§ **Exercise**
Transcribe exactly the lines that fall between the one holding "Reduseringen i kategorien" and the one holding "T-shirt from the", inclusive, from the entries below.

[Items from a data source]

*** Block opens ***

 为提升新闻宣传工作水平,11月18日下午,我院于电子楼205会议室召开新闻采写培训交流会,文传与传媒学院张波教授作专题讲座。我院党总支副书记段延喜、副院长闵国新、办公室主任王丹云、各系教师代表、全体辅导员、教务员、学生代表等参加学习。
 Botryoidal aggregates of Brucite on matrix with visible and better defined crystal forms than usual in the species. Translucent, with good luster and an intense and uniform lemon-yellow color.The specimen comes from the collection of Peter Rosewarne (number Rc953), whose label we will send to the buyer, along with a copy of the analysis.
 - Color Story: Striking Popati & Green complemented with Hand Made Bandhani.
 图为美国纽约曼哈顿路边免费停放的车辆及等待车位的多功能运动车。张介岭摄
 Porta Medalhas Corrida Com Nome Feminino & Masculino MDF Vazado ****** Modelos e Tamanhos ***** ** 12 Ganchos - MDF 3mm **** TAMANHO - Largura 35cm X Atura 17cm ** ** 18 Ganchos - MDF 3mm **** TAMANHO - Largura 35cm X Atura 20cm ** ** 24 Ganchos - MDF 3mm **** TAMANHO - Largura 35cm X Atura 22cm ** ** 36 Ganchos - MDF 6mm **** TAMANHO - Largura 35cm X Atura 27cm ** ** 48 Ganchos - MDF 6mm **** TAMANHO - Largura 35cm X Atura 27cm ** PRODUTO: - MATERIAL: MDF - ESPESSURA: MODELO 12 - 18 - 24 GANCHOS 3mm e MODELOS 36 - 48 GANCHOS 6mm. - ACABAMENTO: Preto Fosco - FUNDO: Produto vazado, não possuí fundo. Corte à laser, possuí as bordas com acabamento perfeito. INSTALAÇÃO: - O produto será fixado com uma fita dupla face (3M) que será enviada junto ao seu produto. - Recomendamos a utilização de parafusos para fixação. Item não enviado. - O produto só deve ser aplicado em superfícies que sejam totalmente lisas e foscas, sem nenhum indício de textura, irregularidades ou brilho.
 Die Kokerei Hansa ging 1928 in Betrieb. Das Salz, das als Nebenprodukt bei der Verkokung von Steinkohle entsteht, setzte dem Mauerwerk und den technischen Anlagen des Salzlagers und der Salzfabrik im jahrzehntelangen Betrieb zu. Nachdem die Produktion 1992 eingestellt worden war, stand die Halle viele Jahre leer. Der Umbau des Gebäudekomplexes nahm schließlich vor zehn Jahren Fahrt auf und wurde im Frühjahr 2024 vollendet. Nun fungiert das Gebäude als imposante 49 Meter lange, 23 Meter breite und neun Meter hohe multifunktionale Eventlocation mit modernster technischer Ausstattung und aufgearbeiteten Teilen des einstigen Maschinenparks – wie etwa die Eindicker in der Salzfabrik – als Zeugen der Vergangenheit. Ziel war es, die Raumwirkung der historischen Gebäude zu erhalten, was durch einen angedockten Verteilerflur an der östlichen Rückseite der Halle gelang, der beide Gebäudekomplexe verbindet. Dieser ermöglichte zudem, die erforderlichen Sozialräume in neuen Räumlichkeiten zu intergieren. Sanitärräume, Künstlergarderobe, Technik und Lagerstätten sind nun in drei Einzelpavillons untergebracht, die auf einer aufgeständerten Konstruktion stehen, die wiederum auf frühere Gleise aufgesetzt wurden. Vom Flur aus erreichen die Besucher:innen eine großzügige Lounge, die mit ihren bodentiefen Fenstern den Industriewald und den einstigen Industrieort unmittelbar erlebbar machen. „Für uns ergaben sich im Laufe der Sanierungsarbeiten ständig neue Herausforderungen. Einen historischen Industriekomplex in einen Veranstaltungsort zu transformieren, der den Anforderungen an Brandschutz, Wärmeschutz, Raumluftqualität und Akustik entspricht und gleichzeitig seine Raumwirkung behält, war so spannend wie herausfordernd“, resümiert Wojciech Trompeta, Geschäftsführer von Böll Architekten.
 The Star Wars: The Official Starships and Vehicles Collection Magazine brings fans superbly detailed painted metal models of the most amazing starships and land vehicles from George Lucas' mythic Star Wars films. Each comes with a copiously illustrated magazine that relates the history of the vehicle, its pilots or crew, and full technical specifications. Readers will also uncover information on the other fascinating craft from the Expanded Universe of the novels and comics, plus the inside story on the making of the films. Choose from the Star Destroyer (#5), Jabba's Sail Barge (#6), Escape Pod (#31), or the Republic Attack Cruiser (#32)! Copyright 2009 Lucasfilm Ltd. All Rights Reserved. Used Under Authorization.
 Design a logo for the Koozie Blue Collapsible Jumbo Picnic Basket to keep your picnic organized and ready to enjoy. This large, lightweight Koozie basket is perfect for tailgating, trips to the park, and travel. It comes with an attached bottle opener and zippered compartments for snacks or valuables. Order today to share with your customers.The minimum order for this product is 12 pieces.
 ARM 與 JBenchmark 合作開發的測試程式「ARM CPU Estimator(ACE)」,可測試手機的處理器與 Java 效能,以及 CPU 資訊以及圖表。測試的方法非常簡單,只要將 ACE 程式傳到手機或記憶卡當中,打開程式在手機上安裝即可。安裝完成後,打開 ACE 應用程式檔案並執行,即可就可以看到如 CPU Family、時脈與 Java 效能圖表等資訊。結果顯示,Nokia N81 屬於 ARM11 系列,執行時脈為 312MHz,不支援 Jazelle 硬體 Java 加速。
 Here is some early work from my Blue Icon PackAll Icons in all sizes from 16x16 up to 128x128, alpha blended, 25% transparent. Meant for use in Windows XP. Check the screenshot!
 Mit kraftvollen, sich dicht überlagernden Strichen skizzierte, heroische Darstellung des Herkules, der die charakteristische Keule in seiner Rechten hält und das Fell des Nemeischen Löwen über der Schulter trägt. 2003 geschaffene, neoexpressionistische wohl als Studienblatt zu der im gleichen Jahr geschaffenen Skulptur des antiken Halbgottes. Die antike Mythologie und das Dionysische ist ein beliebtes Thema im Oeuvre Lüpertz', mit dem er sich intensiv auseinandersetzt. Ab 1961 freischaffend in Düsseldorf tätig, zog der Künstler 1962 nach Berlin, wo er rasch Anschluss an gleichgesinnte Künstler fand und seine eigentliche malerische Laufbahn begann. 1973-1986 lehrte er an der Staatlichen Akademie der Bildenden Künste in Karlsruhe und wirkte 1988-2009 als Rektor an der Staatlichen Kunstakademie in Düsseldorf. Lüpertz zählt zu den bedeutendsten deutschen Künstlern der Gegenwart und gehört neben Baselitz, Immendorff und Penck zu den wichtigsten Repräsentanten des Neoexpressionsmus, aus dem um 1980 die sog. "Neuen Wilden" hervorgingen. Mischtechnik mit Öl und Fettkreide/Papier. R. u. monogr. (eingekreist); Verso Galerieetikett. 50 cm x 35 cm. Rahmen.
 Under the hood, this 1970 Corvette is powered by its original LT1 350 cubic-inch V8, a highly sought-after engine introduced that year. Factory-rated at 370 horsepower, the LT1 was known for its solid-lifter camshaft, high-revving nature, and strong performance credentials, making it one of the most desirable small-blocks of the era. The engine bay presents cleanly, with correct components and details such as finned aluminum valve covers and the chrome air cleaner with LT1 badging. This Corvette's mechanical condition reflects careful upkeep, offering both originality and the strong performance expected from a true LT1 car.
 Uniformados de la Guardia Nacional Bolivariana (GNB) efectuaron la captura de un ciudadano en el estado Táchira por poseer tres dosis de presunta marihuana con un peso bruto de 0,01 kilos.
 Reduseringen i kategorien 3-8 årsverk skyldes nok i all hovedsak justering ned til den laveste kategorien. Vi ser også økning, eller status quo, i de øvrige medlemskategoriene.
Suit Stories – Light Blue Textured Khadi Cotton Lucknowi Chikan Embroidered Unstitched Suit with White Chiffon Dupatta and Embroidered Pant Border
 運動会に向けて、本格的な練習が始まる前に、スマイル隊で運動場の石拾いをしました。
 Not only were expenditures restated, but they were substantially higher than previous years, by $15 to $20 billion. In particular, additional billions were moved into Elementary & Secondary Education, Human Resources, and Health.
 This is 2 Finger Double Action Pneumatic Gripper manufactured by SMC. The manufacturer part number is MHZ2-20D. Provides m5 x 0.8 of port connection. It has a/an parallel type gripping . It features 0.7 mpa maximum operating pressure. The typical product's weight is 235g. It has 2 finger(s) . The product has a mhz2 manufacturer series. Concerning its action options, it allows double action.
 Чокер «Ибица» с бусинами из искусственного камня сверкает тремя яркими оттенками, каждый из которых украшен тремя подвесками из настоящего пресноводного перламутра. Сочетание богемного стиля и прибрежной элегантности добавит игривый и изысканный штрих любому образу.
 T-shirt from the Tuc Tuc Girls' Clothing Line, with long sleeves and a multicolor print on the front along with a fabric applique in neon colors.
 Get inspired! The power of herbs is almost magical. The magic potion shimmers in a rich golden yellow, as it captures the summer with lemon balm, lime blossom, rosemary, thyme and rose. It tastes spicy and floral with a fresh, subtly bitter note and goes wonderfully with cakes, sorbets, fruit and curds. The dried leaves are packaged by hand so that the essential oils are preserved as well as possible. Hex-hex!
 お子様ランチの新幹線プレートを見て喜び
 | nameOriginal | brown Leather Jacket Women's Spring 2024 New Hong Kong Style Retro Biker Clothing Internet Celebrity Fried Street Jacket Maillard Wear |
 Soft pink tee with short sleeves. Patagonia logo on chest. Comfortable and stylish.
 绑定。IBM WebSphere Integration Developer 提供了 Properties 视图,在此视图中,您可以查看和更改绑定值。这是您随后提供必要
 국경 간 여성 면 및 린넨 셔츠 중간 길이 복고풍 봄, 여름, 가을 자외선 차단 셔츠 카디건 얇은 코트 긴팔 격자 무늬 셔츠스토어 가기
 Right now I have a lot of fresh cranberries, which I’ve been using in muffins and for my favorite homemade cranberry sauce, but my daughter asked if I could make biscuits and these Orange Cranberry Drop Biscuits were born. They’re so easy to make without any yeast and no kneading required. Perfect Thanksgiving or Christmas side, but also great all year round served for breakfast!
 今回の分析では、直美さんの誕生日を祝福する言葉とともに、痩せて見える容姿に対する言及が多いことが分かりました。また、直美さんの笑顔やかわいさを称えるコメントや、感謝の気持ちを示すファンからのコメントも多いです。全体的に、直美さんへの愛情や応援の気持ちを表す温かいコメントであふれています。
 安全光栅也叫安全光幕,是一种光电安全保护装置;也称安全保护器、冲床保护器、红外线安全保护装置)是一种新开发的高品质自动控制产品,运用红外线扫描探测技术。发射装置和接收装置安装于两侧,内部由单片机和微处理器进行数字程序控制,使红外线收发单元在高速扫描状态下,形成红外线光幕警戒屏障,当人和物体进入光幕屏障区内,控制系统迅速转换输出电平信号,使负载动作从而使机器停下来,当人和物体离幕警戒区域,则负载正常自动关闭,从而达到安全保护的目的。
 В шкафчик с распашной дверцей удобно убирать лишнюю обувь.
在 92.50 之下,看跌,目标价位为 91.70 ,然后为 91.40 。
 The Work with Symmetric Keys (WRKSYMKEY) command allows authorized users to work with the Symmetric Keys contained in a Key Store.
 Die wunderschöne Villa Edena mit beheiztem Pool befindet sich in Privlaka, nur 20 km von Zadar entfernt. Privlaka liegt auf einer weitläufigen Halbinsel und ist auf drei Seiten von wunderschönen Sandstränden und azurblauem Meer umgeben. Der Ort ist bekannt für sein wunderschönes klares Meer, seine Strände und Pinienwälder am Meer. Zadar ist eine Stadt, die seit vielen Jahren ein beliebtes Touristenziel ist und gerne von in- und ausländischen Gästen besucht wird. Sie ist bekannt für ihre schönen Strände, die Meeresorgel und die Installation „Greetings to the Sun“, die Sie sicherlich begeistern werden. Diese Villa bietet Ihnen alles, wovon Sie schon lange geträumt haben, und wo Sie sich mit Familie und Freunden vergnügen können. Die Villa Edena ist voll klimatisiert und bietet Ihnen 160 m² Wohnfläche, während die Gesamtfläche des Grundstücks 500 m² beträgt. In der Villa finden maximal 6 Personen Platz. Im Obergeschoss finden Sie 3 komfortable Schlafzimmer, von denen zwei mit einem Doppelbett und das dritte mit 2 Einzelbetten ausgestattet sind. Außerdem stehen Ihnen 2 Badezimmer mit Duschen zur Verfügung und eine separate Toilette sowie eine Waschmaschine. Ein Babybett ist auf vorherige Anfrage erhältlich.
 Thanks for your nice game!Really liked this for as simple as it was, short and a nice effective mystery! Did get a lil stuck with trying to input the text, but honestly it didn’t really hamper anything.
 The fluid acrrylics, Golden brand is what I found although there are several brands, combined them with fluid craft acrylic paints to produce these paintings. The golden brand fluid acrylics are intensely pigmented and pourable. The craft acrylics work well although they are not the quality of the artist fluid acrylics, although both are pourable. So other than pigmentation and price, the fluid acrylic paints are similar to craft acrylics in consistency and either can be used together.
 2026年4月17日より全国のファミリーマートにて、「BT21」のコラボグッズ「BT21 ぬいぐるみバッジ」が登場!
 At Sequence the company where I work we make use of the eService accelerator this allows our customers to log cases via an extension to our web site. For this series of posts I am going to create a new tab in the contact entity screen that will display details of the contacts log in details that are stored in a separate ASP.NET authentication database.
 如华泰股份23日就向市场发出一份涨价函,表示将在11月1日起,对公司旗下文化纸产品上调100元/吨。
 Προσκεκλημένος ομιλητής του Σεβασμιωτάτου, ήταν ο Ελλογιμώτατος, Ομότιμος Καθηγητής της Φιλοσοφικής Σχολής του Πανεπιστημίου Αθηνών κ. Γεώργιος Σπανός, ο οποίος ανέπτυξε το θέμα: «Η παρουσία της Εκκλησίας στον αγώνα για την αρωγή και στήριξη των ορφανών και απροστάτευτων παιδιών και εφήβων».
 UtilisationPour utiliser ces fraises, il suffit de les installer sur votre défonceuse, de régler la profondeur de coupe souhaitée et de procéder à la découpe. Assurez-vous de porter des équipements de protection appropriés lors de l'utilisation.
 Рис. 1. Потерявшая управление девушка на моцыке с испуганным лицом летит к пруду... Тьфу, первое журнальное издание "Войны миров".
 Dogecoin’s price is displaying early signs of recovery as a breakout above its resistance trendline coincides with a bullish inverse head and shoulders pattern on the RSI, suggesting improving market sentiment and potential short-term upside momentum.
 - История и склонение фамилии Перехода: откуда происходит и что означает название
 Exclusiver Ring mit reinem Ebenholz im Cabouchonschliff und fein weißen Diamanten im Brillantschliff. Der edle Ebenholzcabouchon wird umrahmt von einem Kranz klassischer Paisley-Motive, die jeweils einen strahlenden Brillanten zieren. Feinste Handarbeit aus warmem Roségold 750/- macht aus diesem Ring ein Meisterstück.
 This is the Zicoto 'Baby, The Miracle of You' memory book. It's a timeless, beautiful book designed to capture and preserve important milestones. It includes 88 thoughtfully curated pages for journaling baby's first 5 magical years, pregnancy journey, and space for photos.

*** Block closes ***

§ **Answer to this problem**
 Reduseringen i kategorien 3-8 årsverk skyldes nok i all hovedsak justering ned til den laveste kategorien. Vi ser også økning, eller status quo, i de øvrige medlemskategoriene.
Suit Stories – Light Blue Textured Khadi Cotton Lucknowi Chikan Embroidered Unstitched Suit with White Chiffon Dupatta and Embroidered Pant Border
 運動会に向けて、本格的な練習が始まる前に、スマイル隊で運動場の石拾いをしました。
 Not only were expenditures restated, but they were substantially higher than previous years, by $15 to $20 billion. In particular, additional billions were moved into Elementary & Secondary Education, Human Resources, and Health.
 This is 2 Finger Double Action Pneumatic Gripper manufactured by SMC. The manufacturer part number is MHZ2-20D. Provides m5 x 0.8 of port connection. It has a/an parallel type gripping . It features 0.7 mpa maximum operating pressure. The typical product's weight is 235g. It has 2 finger(s) . The product has a mhz2 manufacturer series. Concerning its action options, it allows double action.
 Чокер «Ибица» с бусинами из искусственного камня сверкает тремя яркими оттенками, каждый из которых украшен тремя подвесками из настоящего пресноводного перламутра. Сочетание богемного стиля и прибрежной элегантности добавит игривый и изысканный штрих любому образу.
 T-shirt from the Tuc Tuc Girls' Clothing Line, with long sleeves and a multicolor print on the front along with a fabric applique in neon colors.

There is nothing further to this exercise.